Using the concept of BAN logic we prove the Goal 1 to Goal 6 and it shows that the formal security analysis using the BAN logic will be done and it insures the security of our proposed protocol.

6.3 Security analysis based on mathematical model

This section will show our proposed protocol security using the concept of a Real or random (ROR) model (Abdalla et al. 2005). We occupied the concept of Bellare and Rogaway (1993) to define our proposed protocol security model. According to the model, the adversary has to differentiate between the real session key and random numbers. In many mutual authentications and key agreement(MAKA) protocol (Agrahari and Varma 2021; Abbasinezhad-Mood et al. 2019), the ROR model is used to prove the session key security.

In our proposed protocol, there are two participants associated with the mutual authentication and key agreement protocol. The following components are associated with the ROR model. The components of our scheme are as follows:-

Participants

Server “S” and PDA “P” is the two participants of our proposed protocol. Let us assume that \(t_1\) and \(t_2\) are the two instances of our participants represented as \(\varPsi ^{t_1}_S\) and \(\varPsi ^{t_2}_P\) respectively.

Accepted state

When the instance \(\varPsi ^{t}\) gets the final message of the proposed protocol, it enters the final state. All the sent and the received message are arranged according to the accepted state, and at last, the session identification will form for the current session.

Partnering

Two instances of the participants, \(\varPsi ^{t_1}_S\) and \(\varPsi ^{t_2}_P\), are known to be a partner when they follow the following properties:-

  • Both instances in an acceptable state.

  • Both instances are mutually authenticating to each other and also have the same session identification.

  • Both instances are mutual partner of each other.

Freshness

The session key between the two participants, “S”, “P”, was unable to leak using the reveal query, then only the instances \(\varPsi ^{t_1}_S\) and \(\varPsi ^{t_2}_P\) are fresh.

Adversary

Let’s assume that \({\varvec{A}}\) is an adversary who is having control of the entire network. Here, the control shows that adversary can read or modify all the messages through the public channel, and the adversary can also construct the message or delete the message in the network. \({\varvec{A}}\) has to run the following queries:

  • Execute{\(\varPsi ^{t_1}_S\), \(\varPsi ^{t_2}_P\)}: This query works like a passive attack where \({\varvec{A}}\) will try to obtain the message, which will be transferred between the S and P. It’s like an eavesdropping attack.

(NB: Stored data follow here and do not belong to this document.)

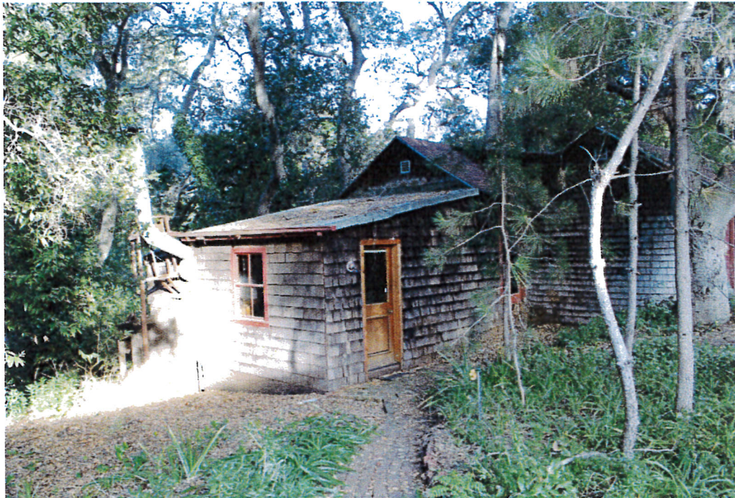
Photograph 11 13561 Burke Road

View: from the driveway looking at the caretaker's cabin with several additions.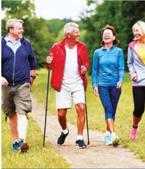
Friendship Ramble and Pub Lunch Saturday 19 September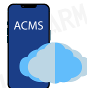
ACMS (Mobile credential cloud platform)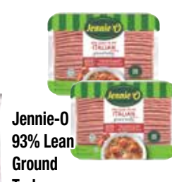
Jennie-O 93% Lean Ground Turkey Select Varieties 16 oz.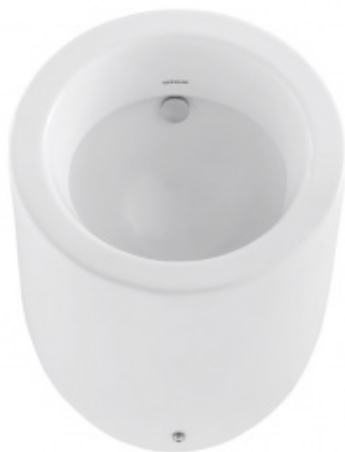
SLP 82 - WCA - Sanindusa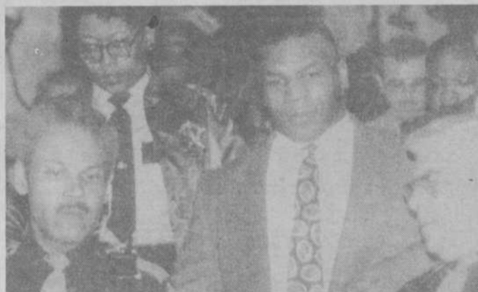
Mike Tyson was found guilty on all charges in the rape case of a Miss Black America Pageant contestant in Indianapolis.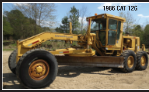
1986 CAT 12G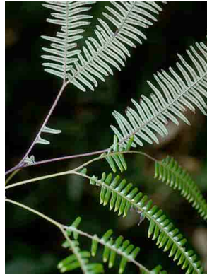
185 Sticherus PTERIDOPHYTA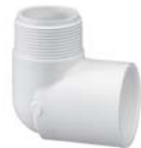
MPT x Slip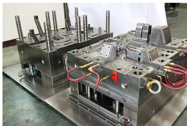
Car Air Cleaner Mold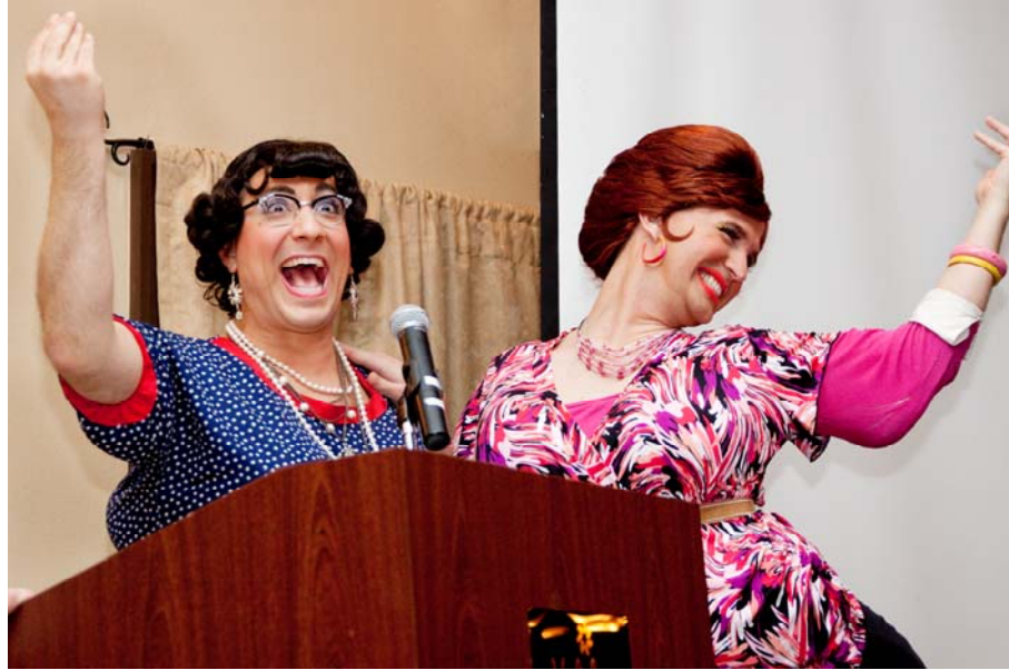
Bursting on the scene through the kitchen doors, The Calamari Sisters spiced up evening!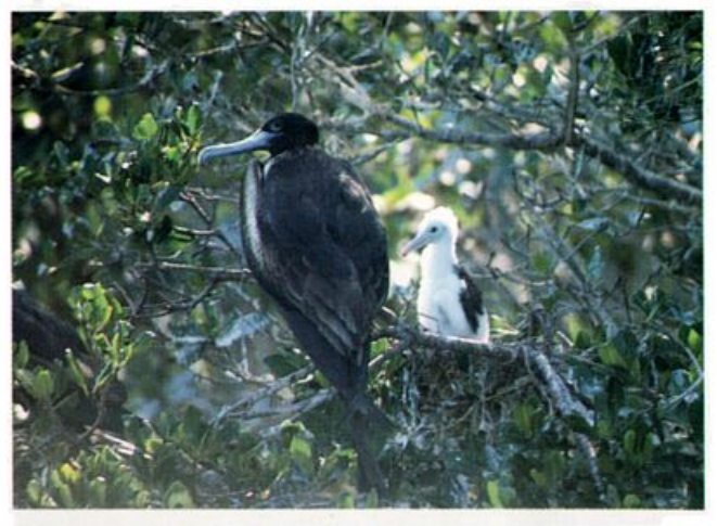
Magnificent Frigatebird with nestling on Long Key, Dry Tortu gas, April 29, 1988. The species nested at the Tortugas for the first time this year.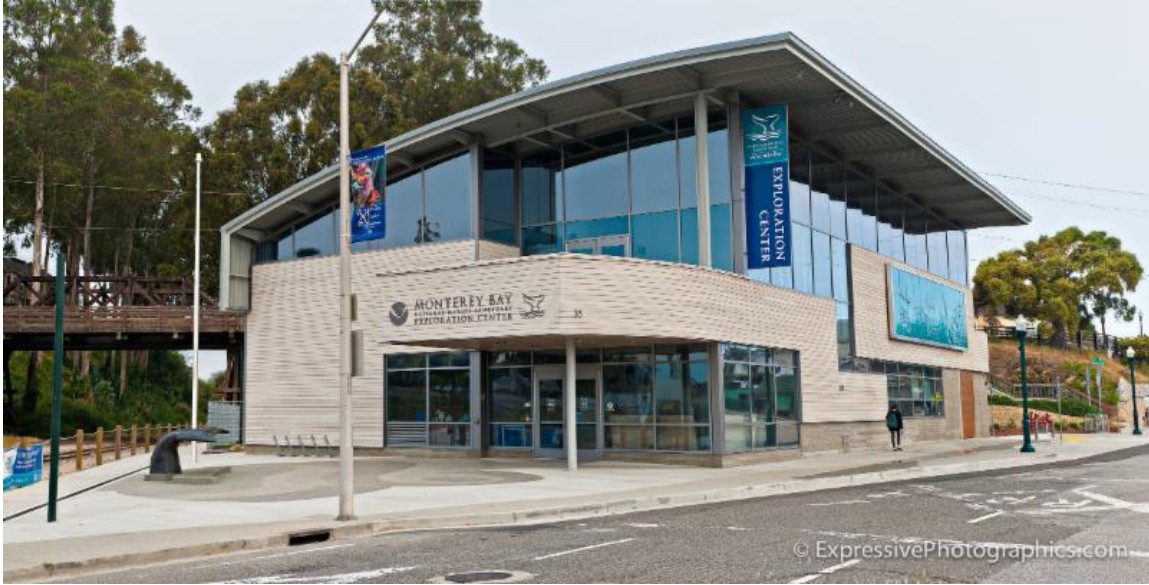
Sanctuary Exploration Center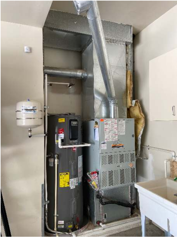
Old gas furnace that was inefficient and burnt fossil fuels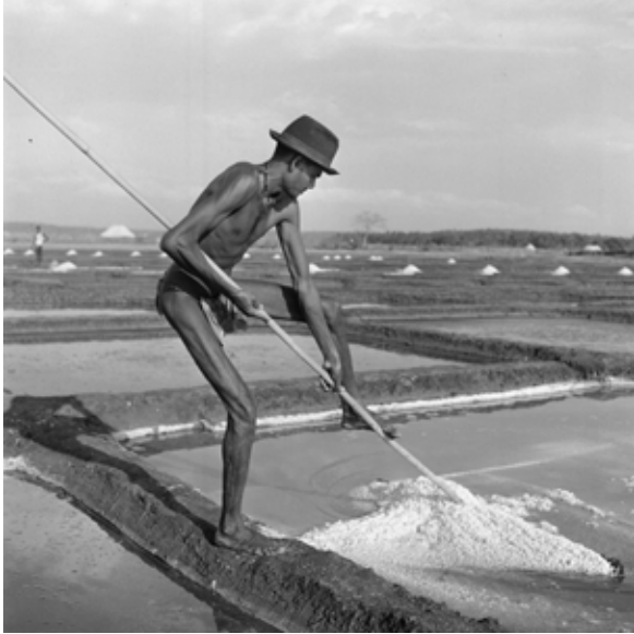
India, 1948. Raking salt in evaporation pond.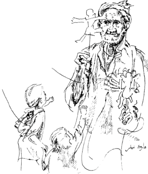
SELLER OF HANDMADE PAPER TOYS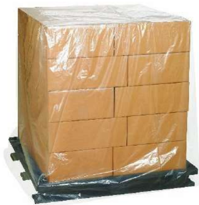
LDPE PALLET COVER

For parts, bulk material, machinery, switch cabinets, devices, plant technology, heavy and bulky industrial goods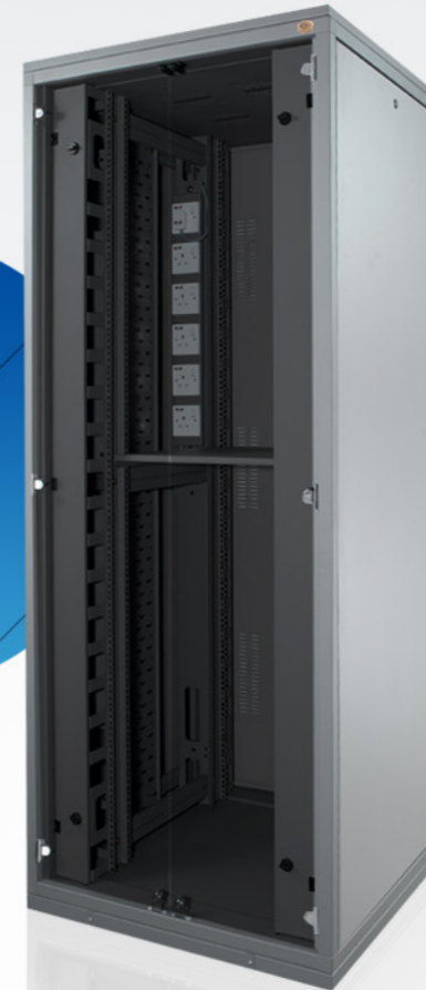
19" Equipment Rack with Cable Management panel (CKD 218)

  • Send {\(\varPsi ^{t}\), M}: This query works like an active attack where \({\varvec{A}}\) will try to impersonate the participant to send a message to another participant.

  • CorruptSC : When adversary \({\varvec{A}}\) runs this query, he will get the all information stored in the smart card. This kind of attack is possible by the the side channel attack.

  • Capture{\(\varPsi ^{t}\)}: When adversary \({\varvec{A}} \) runs this query, then he will get the secrets information of the server“S” or PDA “P’.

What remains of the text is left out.